Galaxy in the constellation Virgo

NGC 4273 is a barred spiral galaxy in the constellation of Virgo. Its velocity with respect to the cosmic microwave background is 2727 ± 24 km/s, which corresponds to a Hubble distance of 40.23 ± 2.84 Mpc. However, 20 non-redshift measurements give a much closer distance of 29.040 ± 1.435 Mpc. It was discovered by German-British astronomer William Herschel on 17 April 1786.

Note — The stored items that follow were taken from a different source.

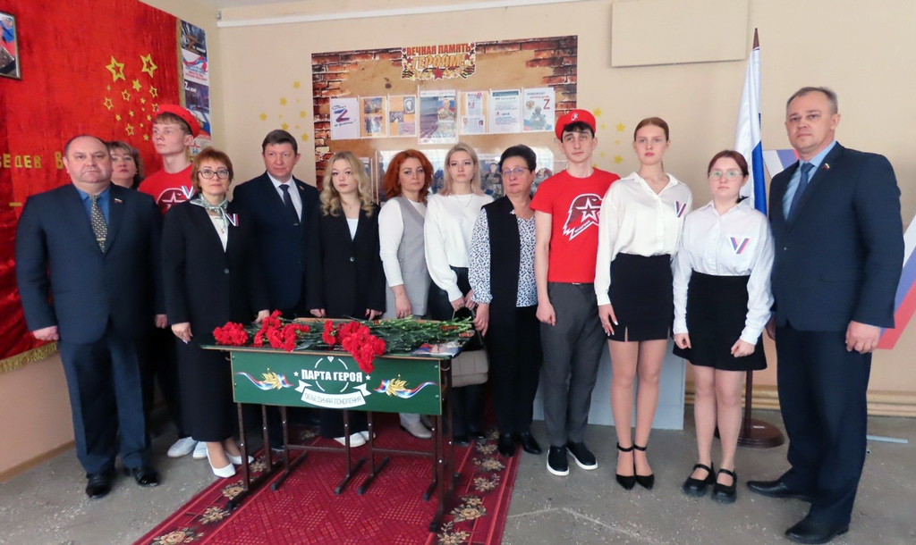 Парту Героя Владислава Медведева в школе №9 Волгодонска открыли его вдова и дочь.
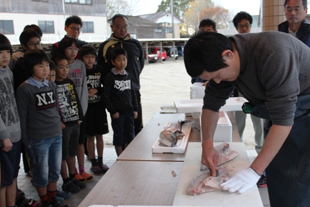 見事な包丁さばきに子どもたちも興味津々でした。
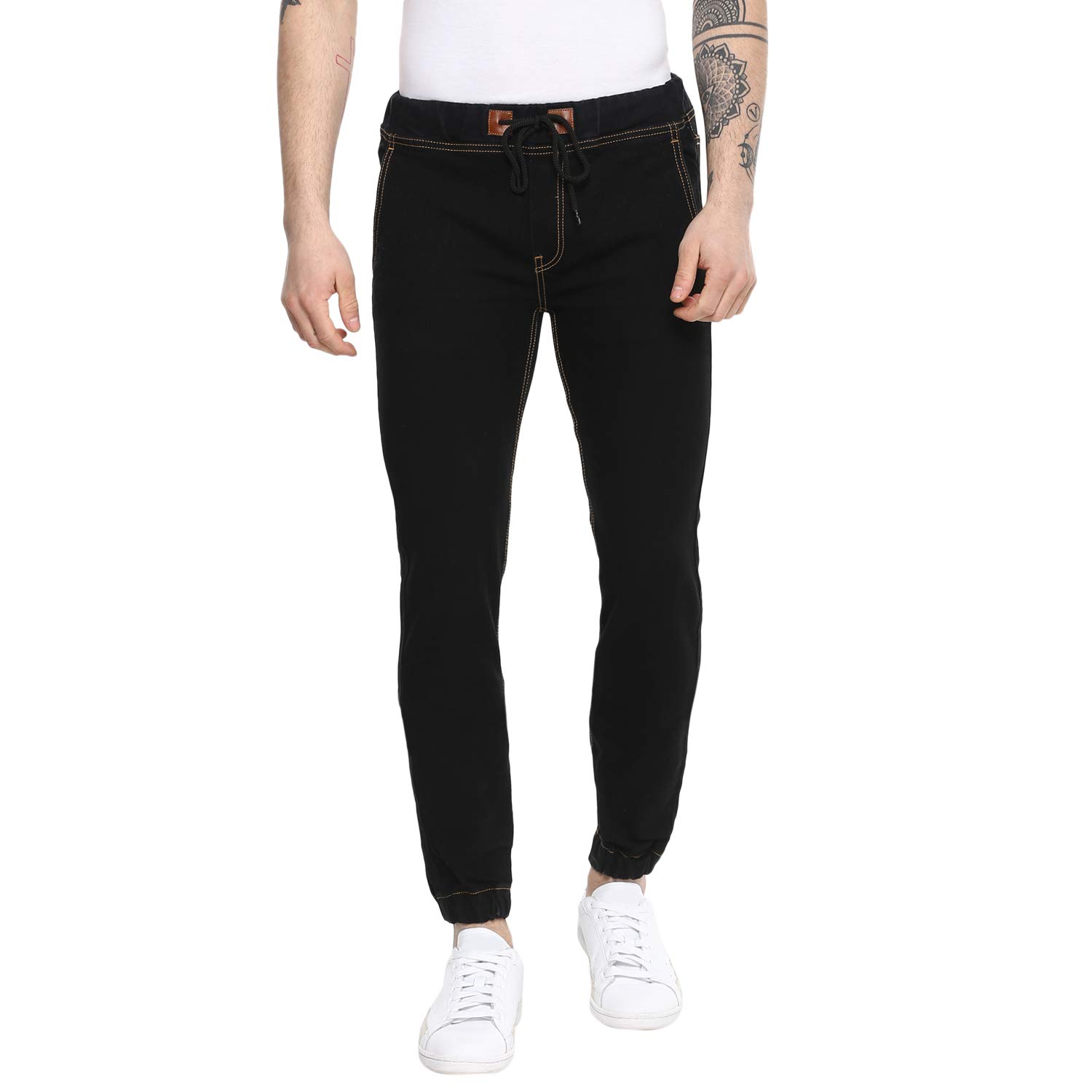 Urbano Fashion Men's Black Jogger Jeans Slim Fit Stretch
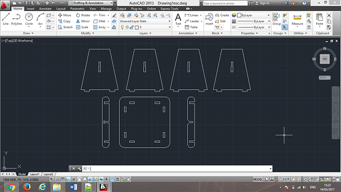 With design the new project I take ergonomic measures and make a bidimensional object with press fit, make a scale model in the cutting laser.

According to A.M. Garcia, NGC 4273 is a member of the NGC 4235 group (also known as LGG 281). This galaxy group contains at least 29 members, of which 18 appear in the New General Catalogue and 4 in the Index Catalogue.

== Supernovae ==
Two supernovae have been observed in NGC 4273:
- SN 1936A (Type II, mag. 14.5) was discovered by Edwin Hubble and Glenn Moore on 21 January 1936. (Note: Some sources incorrectly list the discovery date of SN 1936A as 2 January 1936.)
- SN 2008N (Type II, mag. 17.8) was discovered by Alex Filippenko, D. Winslow, and W. Li on 17 January 2008.